Does Grammar Matter?

28 Sep

I’ve just finished reading a short volume that I picked up from my local bookshop. I Used to Know That: English by Patrick Scrivenor – can that name be real? – is one of those primers seeking to pilot us through the perilous waters of English grammar and correct usage. Every few years, I’ll submit to the guidance of such a book to test the continuing seaworthiness of my prose. I always find myself in disagreement on certain points with the authors of these guides. After all, writing style is a matter of preference and any book that sets out to lay down rules for it is bound to raise some objections. Nevertheless, the central tenet, that written English should conform to a logical structure, strikes me as a sensible one.

Navigating those choppy waters...

Navigating those choppy waters…

Does it matter if the sentences that you write are poorly constructed, perhaps riddled with clichés, malapropisms and spelling errors? Some would say not. It’s all about the ideas or the story. Those who object to substandard prose are pedants or ‘grammar Nazis’. Everyone has a novel in him and has the right to knock it out in a matter of weeks then press it upon the world. Only an elitist would deny him this right.

I would argue that this is mistaken. Without clarity and elegance, prose will neither inform nor appeal. Writing is a craft to be learned like any other and if you’re not prepared to put in the time you’ll never be any good at it (do you sense that I’m warming up for my annual NaNoWriMo tirade?). Generally speaking, crafting a properly constructed sentence comes as second nature to those who spend their time reading and writing. Rules are there to be broken, perhaps, but only by those who are aware that they are doing so.

Nona Rhino is back…

The process of composing fiction is often termed ‘creative writing’ and this offers us some clues. As a creative art, writing should aspire to an aesthetic.

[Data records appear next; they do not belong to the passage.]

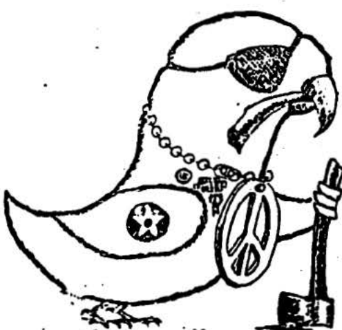
the small society

THE EVENING STAR Washington, D. C., Wednesday, December 10, 1969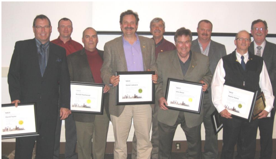
These are the people that we honored on June 3 at the Chamber.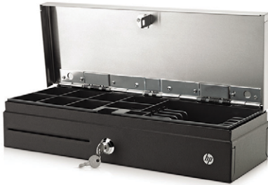
HP Retail Solutions HP Flip Top Cash Drawer

Poorly formed sentences are almost always ugly. And since writing is at the heart of the process, the writer has a duty of care. If you choose to call yourself a writer then the quality of your prose matters. No painter or sculptor worthy of the name would claim that the execution of his finished work was unimportant. Why should writing be any different?

Nobody’s prose is flawless. To err is human. A lack of concern for such mistakes smacks of complacency, though, and constitutes a literary own goal.

All text and images © PSR 2014


6 Responses to “Does Grammar Matter?”

  1. JHuw Evans September 28, 2014 at 9:29 pm #

    Your write?

  2. Paul Sutton Reeves September 29, 2014 at 7:43 am #

    Literally, Huw!!!

  3. Mari Biella September 29, 2014 at 10:39 am #

    I agree, Paul. Breaking rules is all well and good, as long as you know you’re doing so and are doing so for a reason. Careless, sloppy prose that’s riddled with grammatical and spelling errors is another matter altogether – even if the story is wonderful and the ideas intriguing, the end product will be almost impossible to read. Generally, a handful of mistakes don’t bother me but, as you say, we should never become complacent…

    • Paul Sutton Reeves September 29, 2014 at 6:00 pm #

      Hi Mari and thanks for commenting.

      I should say that most of us make mistakes from time to time. The problem comes with writers who can’t be bothered to revise and correct their work or those who don’t know they’re making mistakes because they don’t read books.

  4. masgautsen September 29, 2014 at 12:13 pm #

    People are free to call me pedantic or “grammar Nazi”, but reading a text full of spelling and gramatical errors that is not obviously put in there to knowingly break the rules (and sometimes even then) might be eough for me to put the text away. It will most likely be the only thing I remember about the text afterwards.

  5. Paul Sutton Reeves September 29, 2014 at 6:03 pm #

    Hi Maja and thanks for your comments.

    Poor prose certainly gets in the way of telling a tale and reminds the reader, unintentionally, of the artifice of the construct. Generally speaking, I only read writers who can turn a phrase and craft a proper sentence.